You can also refer to some config templates here.
Running the preprocessing pipeline#
Once the configuration file is prepared, run the below command:
python preprocess_data.py --config /path/to/configuration/file
Visualization#
This tool visualizes preprocessed data efficiently and in an organized fashion, allowing for easy debugging and error-catching of the output data.

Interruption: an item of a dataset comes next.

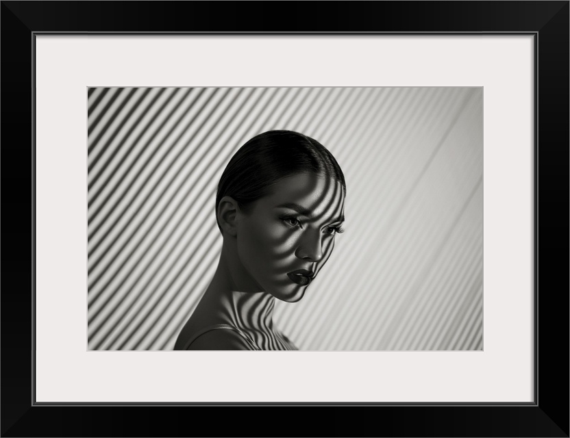 <p>Black And White Portrait Of A Girl With A Striped Shadow Pattern On The Face And Body</p>
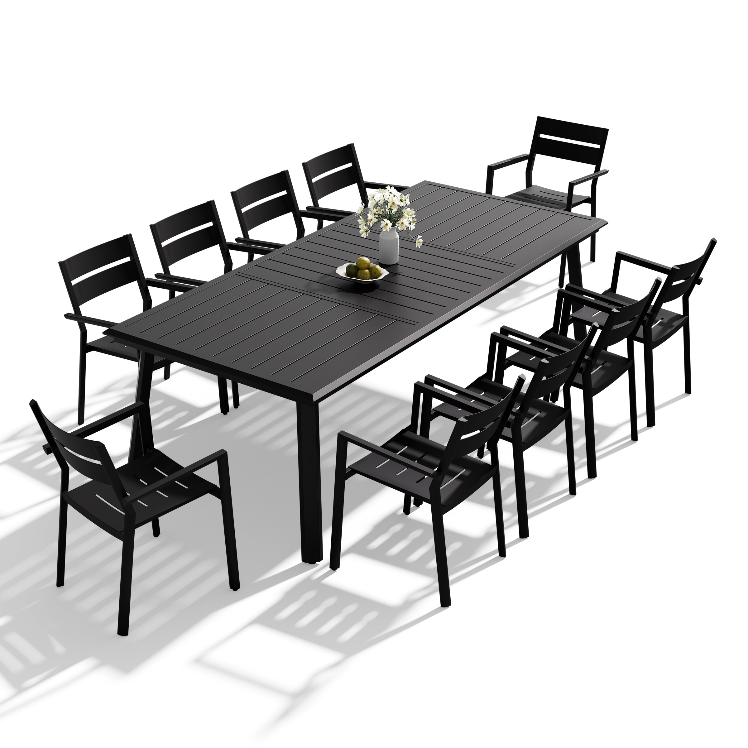 7/9/11/13-Piece Set Outdoor Aluminum Dining Table with Umbrella Hole and Stackable Chairs

python launch_tokenflow.py --output_dir <directory/of/file(s)>
Arguments#
output_dir
: Contains the file(s) that are to be viewed in the GUI. [Required]data_params
: Location of the data_params.json file for the preprocessed dataset. [Optional]port
: In case the user wants to specify a different port for the flask server. [Optional, default=5000]
Output#
There are 4 sections in the visualization output. input_strings
and label_strings
are converted
tokens from input_ids
and labels
respectively. The tokens in the string sections are highlighted
in green when the loss weight is greater than zero for that specific token. Similarly, the tokens are
highlighted in red when their attention mask is set to zero. For multimodal datasets, hovering over the
image pad tokens also displays the corresponding image in the popup window.
Conclusion#
By following this guide, you can efficiently set up and run data preprocessing pipelines on the Cerebras platform. This process ensures that your datasets are clean and optimized for further machine learning tasks, improving both performance and accuracy.